Two last pieces of history. The first APL\360 implementation of the random
number generator was the same as it is today, with one small exception. The
assembly language code had a test following the generation of the next random
link to see whether the result was zero; if it was, 16807 was supplied in its
place -- three instructions to look for a situation that can never occur! As
we have seen, number theory guarantees that the residue on division by
(2*31)-1
is always a positive integer less than (2*31)-1
and can never be
zero! Three machine instructions were involved in the test, two that were
always executed for each use of the random number generator, and one that
could never be executed. I recently argued the case for removing this test
after reviewing the code, and it has (or should have) been removed.
Next, the implementers of APL\360 (Breed, Lathwell, and Roger Moore,
principally) carried on a low-key battle with Adin Falkoff and Iverson in this
way: while the implementation was going on at breakneck speed, Falkoff and
Iverson were writing a manual for using the system, a pamphlet they called
"The APL Terminal System: Instructions for Operation". The first version of
this pamphlet was dated 4 November 1966. A later version, dated 30 November
1966, had a dark brown cover bearing the cryptic legend "APL\360". The low-key
battle I refer to concerned the claims made in the manual versus what was
actually being implemented. One of these disparities had to do with the random
functions. The roll function was not mentioned, and the deal function was
described, although not by that name, in two forms.

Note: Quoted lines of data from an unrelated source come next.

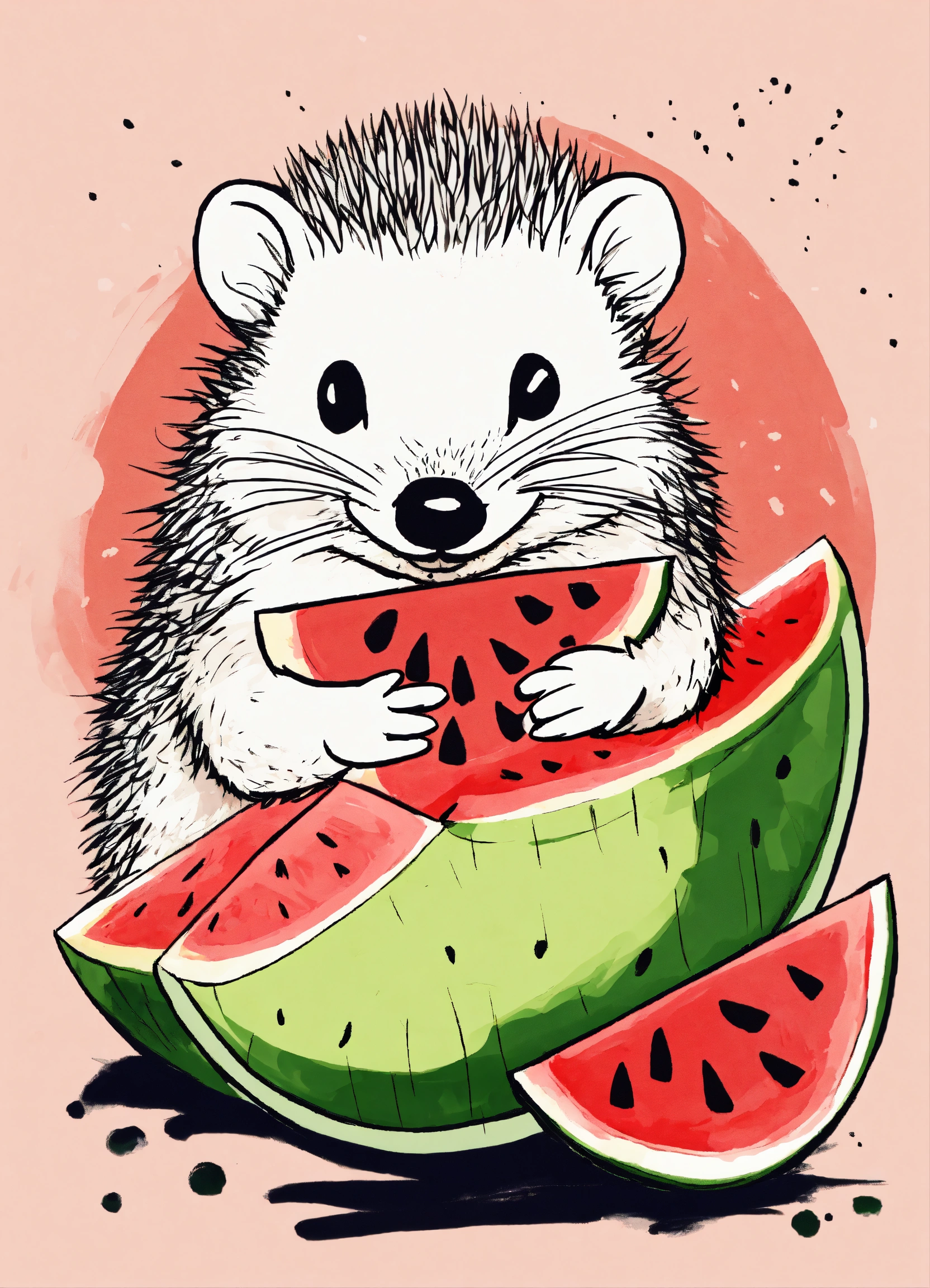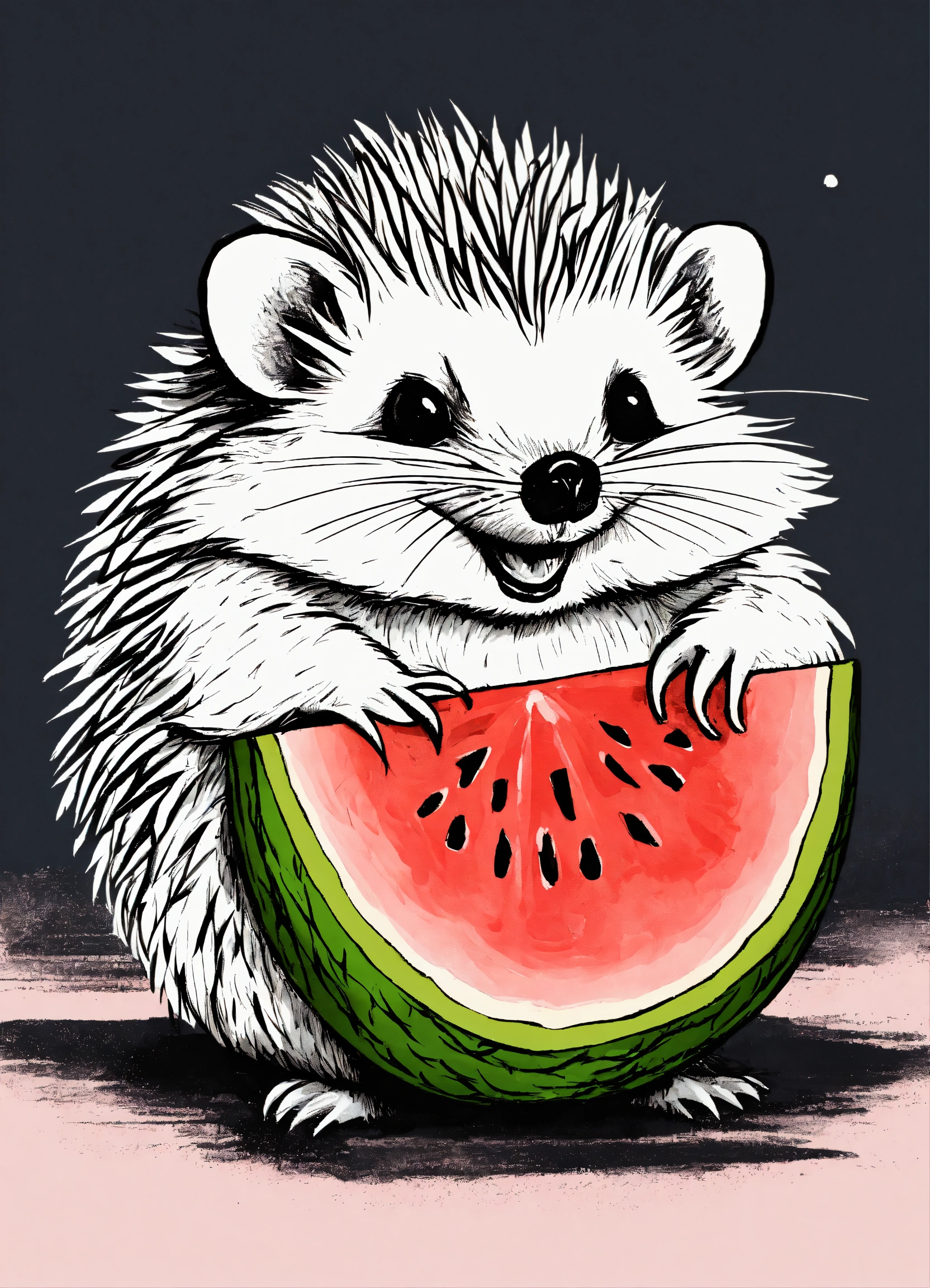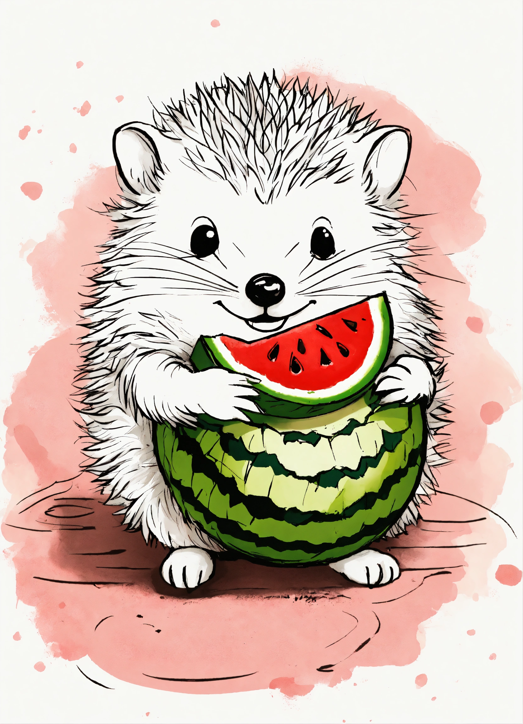 A small hedgehog holding a piece of watermelon with its tiny paws, taking little bites, eyes closed in delight, cute ink sketch style illustration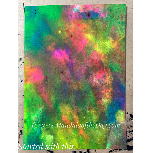 Today’s mandala took an interesting turn. When I pulled out the previously poured paper this morning, I looked at it and then looked at it again…that’s when I saw the woman standing in a mystical fantasy world with a bouquet of flowers, wearing a poofy-sleeved dress, big hair, and a big flowery bonnet. It looked like something from an impressionistic painting. (see the pre-drawn image below)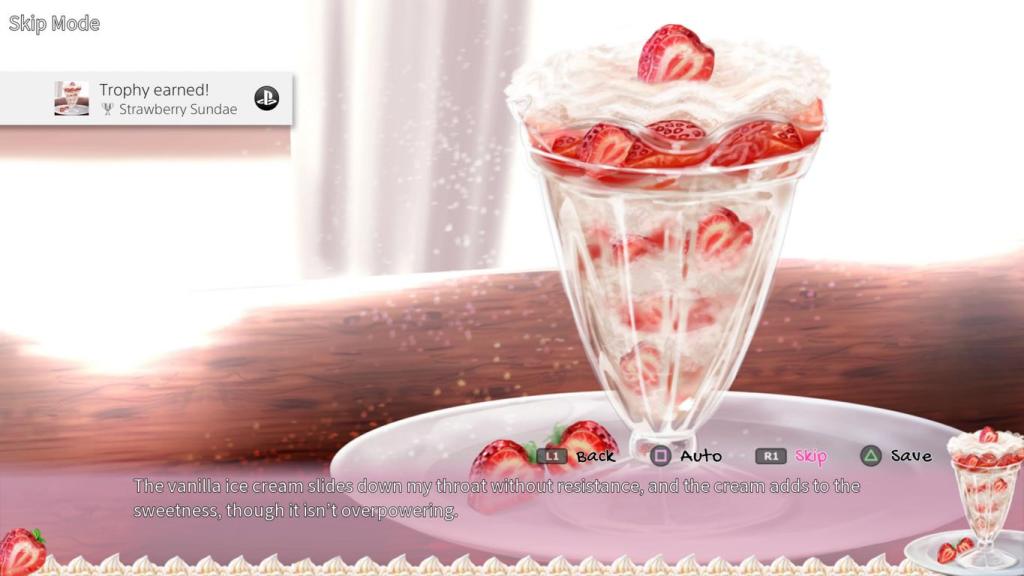 Insgesamt unterhält das Spiel wirklich ungemein und zieht uns als Spieler auch gut in seinen Bann. Die unterschiedlichen Enden motivieren auch abseits der Trophäen herauszufinden, welche unterschiedlichen Verläufe es im Spiel gibt und es gibt durchaus ein paar interessante Wendungen, die man so auf keinen Fall kommen sieht. Einzig die merkwürdige Faszination mit Essen fand ich etwas befremdlich. Es wird zwar im Rahmen der Geschichte durch die Vorlieben von Licia erklärt, doch dass wir bei jedem neuen Essen dann zusätzlich ein Closeup des Speise bekommen, was auch gleichzeitig für viele Trophäen als Screenshot gewählt wurde, ist schon etwas merkwürdig. Dennoch ist das Spiel auf Grund seines Umfangs und der nicht so verschachtelten, oder gar anzüglichen Narrative anderer Spieler der Gattung durchaus für Neulinge zu empfehlen, die bisher noch keine Berührungspunkte mit dem Genre hatten. Nur auf keinen Fall sollte man das Spiel hungrig spielen…
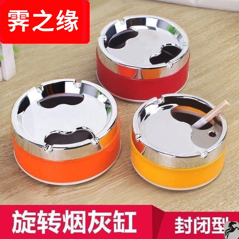 Home with lid ash seal anti-fly ash stainless steel rotating cover wind resistant creativity cute self-extinguishing ash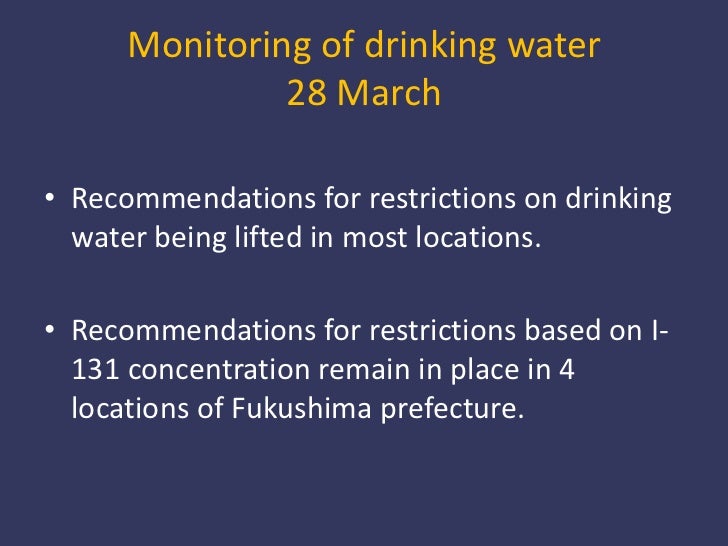 8. 8. Monitoring of drinking water28 March<br />Recommendations for restrictions on drinking water being lifted in most locations. <br />Recommendations for restrictions based on I-131 concentration remain in place in 4 locations of Fukushima prefecture. <br />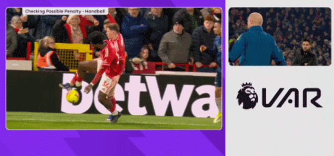 比賽第80分鐘,埃納在本方禁區(qū)內(nèi)拼搶時手臂碰到皮球,隨后VAR介入,主裁判沒有判罰點球。

The first form corresponds
to the current deal function. The second form permitted a vector right
argument, so that N?V
gave a result of shape (#V),N
.
Thus the following was
permitted:
3?3 4 5 3 1 2 1 4 3 5 2 4This last feature was never implemented. Episodes like this were surely behind Iverson's somewhat plaintive remarks in "The March on Armonk" [6]:
Along this line I would like to address a word to implementors, God bless them; (I say "God bless them" with the same sort of mixture of admiration, appreciation and exasperation as we say to the ladies, "God bless them"). It is really, in a way, the implementors that have control of a lot of this. If implementors decided they are going to provide a system which becomes popular with variations, then there is nothing any of us could do to control this.
All was not sweetness and light in the design of APL.
Given a prime p, it is always possible to compute a primitive root by trial and error... but no general, explicit, nontentative method has been devised, and this, like a good criterion for primality, remains an important unsolved problem.
The way to proceed then is the following: for A and P positive integers, A: P - 1 , where P is a prime and R is one of its primitive roots, we get a vector called the indices of the powers of R mod P. I won't explain these further than to say that they are of great value in number theory: they are to the powers of the primitive root as logarithms are to exponentials.
There are three things about indices that are not well-known. The indices corresponding to a prime P form a permutation of length P-1. This permutation has these properties:
It is equal to its double downgrade (that is, it is a self-double-downgrading
permutation, an sddp [9]: P -: /:/: P
).
Its first difference, mod P-1, is a permutation.
This first difference permutation is also an sddp.
For example, the indices for the primitive root 3 mod 7 are 0 2 1 4 5 3. The double downgrade of this is also 0 2 1 4 5 3. Its first difference (mod 6) is 2 5 3 1 4, also a permutation. Its double downgrade (1-origin) is 2 5 3 1 4. The total number of permutations of length 6 is 720; there are only 48 sddp among these. The total number of permutations of length 5 is 120; there are only 8 sddp among these.